I remember a powerful scene in the movie Shawshank Redemption. Andy has just gotten out of the hole after spending a month there for playing music over the intercom system - music that awakened something in the inmates they had forgotten or never knew existed. One of the inmates comments about how difficult and lonely it is in the hole. Andy responds: 
 
Andy: I had Mr. Mozart to keep me company...[points and taps his head.] It was in here. [gestures over his heart] And in here. That's the beauty of music. They can't get that from you. Haven't you ever felt that way about music?

Red: Well... I played a mean harmonica as a younger man. Lost interest in it, though. Didn't make too much sense in here.

Andy: No, here's where it makes the most sense. You need it so you don't forget.

Red: Forget?

Andy: That there are places in the world that aren't made out of stone. That there's... there's somethin' inside that they can't get to; that they can't touch. It's yours.

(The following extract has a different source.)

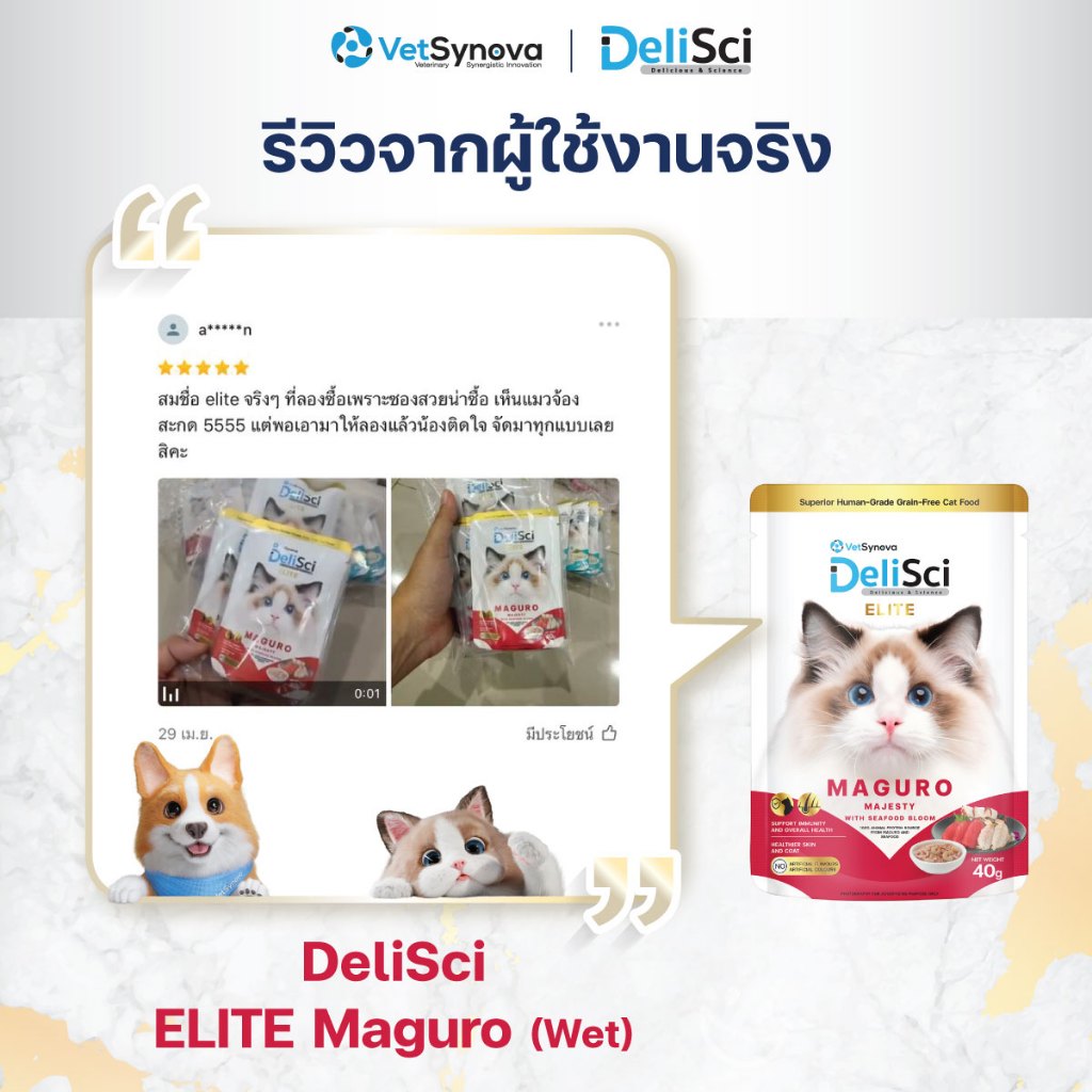 DeliSci Elite Maguro Majesty with Seafood Bloom อาหารเปียกแมว สูตรเนื้อปลามากุโระ พร้อมชิ้นซีฟู๊ด 40g (6 ซอง)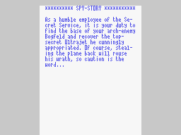 Released in 1986 by The Bytebusters, this game falls into the realm of early text-based adventures where players are immersed in the thrilling world of espionage. As an agent, players navigate through various missions that are rich in narrative and strategic decision-making.

Red: What are you talkin' about?

Andy: Hope.

Red: Hope? Let me tell you something, my friend. Hope is a dangerous thing. Hope can drive a man insane. It's got no use on the inside. You'd better get used to that idea.

Andy: Like Brooks did?

Although I've never been in prison (so far) I understand exactly what Red is saying. But several weeks ago I was sharing with friends and realized that hope no longer felt dangerous to me. It felt like something precious of mine, like a bird that I needed to care for and protect no matter what happened in the "real" world. I was reminded of Thumbelina, a favorite fairy tale from childhood. In the story, a woman who had no children dreamed about having a little girl but the dream never came true. She went to a witch who gave her a magic grain of barley, which the woman planted. The grain turned into a lovely flower and inside it was a little girl no bigger than a thumb. Thumbelina is snatched by a frog, a beetle, and a spider, and eventually ends up with a field mouse whose plan is to marry Thumbelina to a rich mole. She's already been through alot, and now this! It looks like she'll be married to an old furry half-blind mole and stuck in dark underground tunnels for the rest of her life. During a visit to the mole the field mouse and Thumbelina come across a swallow that looks dead. The mole nudges the bird and says, "That'll teach her! She should have come underground instead of darting about the sky all summer!" That sounds a little like something Red might say. The mole's words horrify Thumbelina who secretly nurses the swallow back to health. The bird carries Thumbelina off to freedom and of course, she meets her prince.


Life is full of big and little deaths and disappointments and it's easy to give in to cynicism and give up on hope. This fairy tale reminds me to take care of my hopes and dreams because they are a part of me. I don't know when, if or how some of my hopes will be realized but I don't need to. I just need to follow my heart like Thumbelina did as her heart went out to the wounded swallow. I made a shrine on the theme of Thumbelina as a way of working with the symbols and ideas of the story that was and still is so meaningful to me.